For the problem of limited capital sources, Can Van Luc, chief economist at BIDV bank, said Vietnamese laws do not allow foreigners to have land use rights, and a suitable approach to this is important.

"My point of view is to consider allowing foreigners to buy and own landed houses and other types of real estate in Vietnam, like resorts, so that there could be more capital for the economy. But this must ensure safety and assure the benefits of all parties."
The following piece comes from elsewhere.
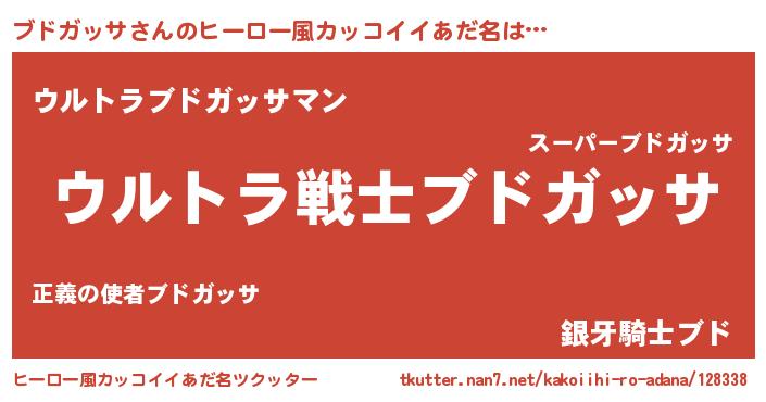 | 女子向けラノベタイトル風あだ名 | 『ブドガッサなんてお断りですっ。』 |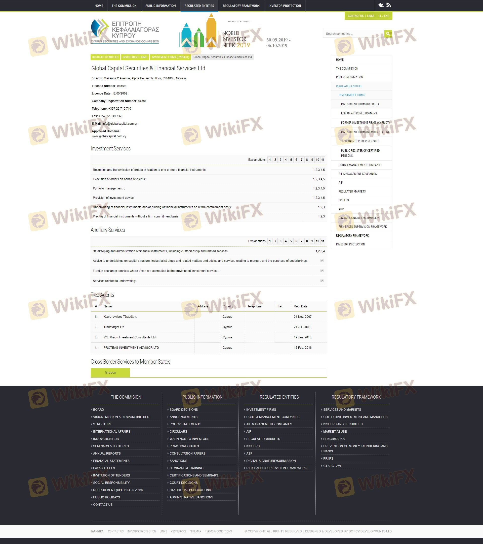 Regarding the legitimacy of Global Capital forex brokers, it provides CYSEC and WikiBit, (also has a graphic survey regarding security).

Luc said investors in real estate, including wellness-based projects, should not rely much on banking loans, and that more should come from corporate bonds, private equity firms and investment funds. He also advised investors to pay close attention to urban development plans in localities and learn from other countries.

He also suggested the government allows foreigners to use resort and wellness real estate as collaterial to acquire loans for investments.

According to Nguyen Dinh Tho, director of the Institute of Strategy and Policy on Natural Resources and Environment, there is a lack of legal bases to develop resort and wellness real estate. There are also limitations in policies on immigration, immigration and visas.

"If we want to develop resort real estate, we need to open up in terms of policies. For example, the current Law on Construction allows foreigners to own apartments, but the Land Law does not allow them to own landed houses."